299 玉仏を使う

列に並べなかったファンたちはとても残念がっていた。

誰かが走り寄って、矢崎粟に明日も来るのかと尋ねた。

矢崎粟は皆に、明日は露店を出さないと宣言した。彼女は弓道大会に参加するからだ。

ファンたちも落胆せず、応援に行くと口々に言い、矢崎粟に負担を感じさせないようにした。

矢崎粟は心を打たれ、機会があればファンに恩返しをしようと決意した。

彼女はメイクのスピードを上げた。

日が暮れる前に、列に並んでいた客全員のメイクを終えた。

その後、四人は露店を片付けてレストランへ向かった。

田中凛のグループはレストランでアルバイトを見つけた。四人は一日中皿を運び、いくらかのお金を稼いだ。

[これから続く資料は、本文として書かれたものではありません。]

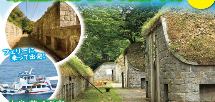
フェリーに乗って出発!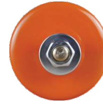
Клемма заземления магнитная МКЗ-200 (Арт. 5397)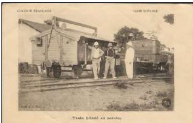
Train blindé en service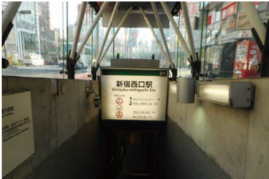
西-5006<片面> 表示面寸法H1195×W1495 (和文文字高120,100)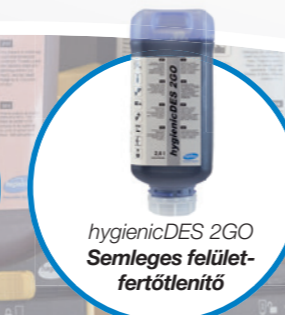
hygienicDES 2GO Semleges felület- fertőtlenítő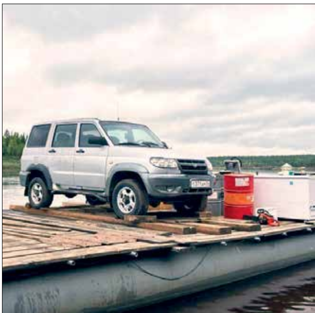
📷 Плоты – единственный способ отправки большегрузов летом из села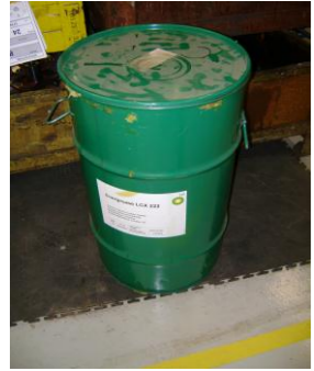
SVV-Lege (60 liter) vetvaten01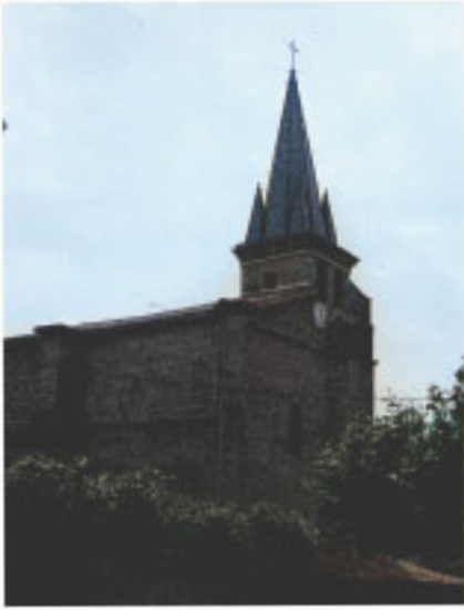
Jasokundeko Andra Mariaren parroki-eliza.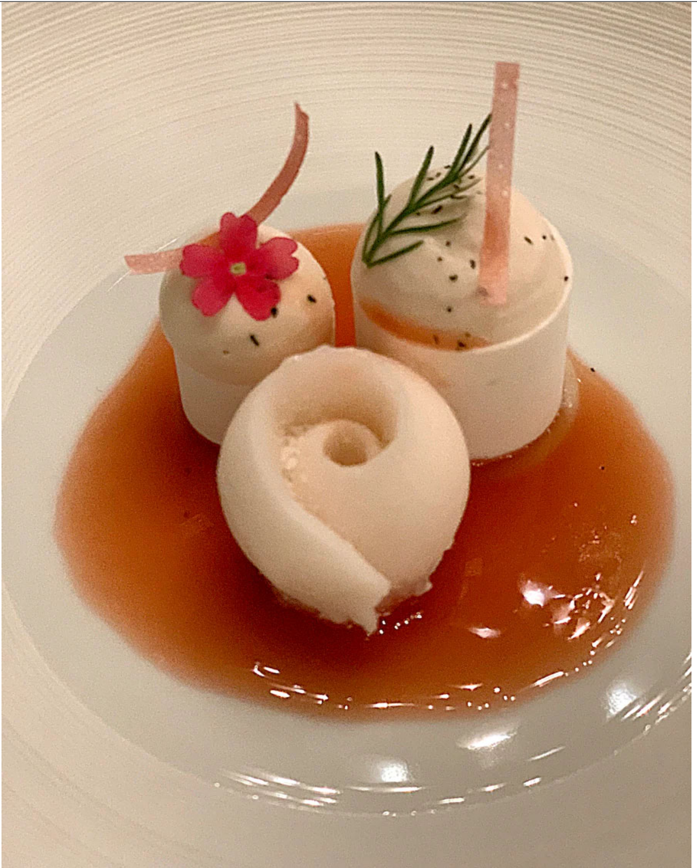
Auch der Pâtissier hat Klasse: Litchi mit Champagner-Glace.

DIE MAGIE DER ZWIEBEL. GEHT NOCH MEHR? Klar doch. Chef Carcenat serviert eine verblüffende Zwiebelbouillon («Gratinée à l'oignon»), an der er mehrere Tage arbeitet: «Ich versuche, dieses traditionelle Bauerngericht neu zu interpretieren und in die Gourmetküche zu transportieren. Mit den gleichen Zutaten, aber mit moderner Technik.» Konkret: Eine ganz «normale» Zwiebelsuppe wird mit riesigem Aufwand geklärt und konzentriert (Carcenat: «Cryo-

三つのグループが集まって夕食を食べることになり、矢崎美緒と矢崎若菜以外は全員参加し、テーブルで今日あった面白い出来事を共有した。

ゲストたちの機嫌は良かった。

ホテルの部屋で。

矢崎美緒は鏡の前に立ち、顔の肌を細かく観察し、以前より醜くなったと感じた。

服をめくってみると、服に隠れていた肌にも大きな黒いシミがたくさんできていて、とても醜かった。

これからは短いスカートを履くことはできないだろう。

彼女は矢崎若菜と夕食を一緒に食べる約束をしていた。

矢崎美緒は丁寧にメイクをし、帽子とベールをつけてようやく部屋を出る勇気が出た。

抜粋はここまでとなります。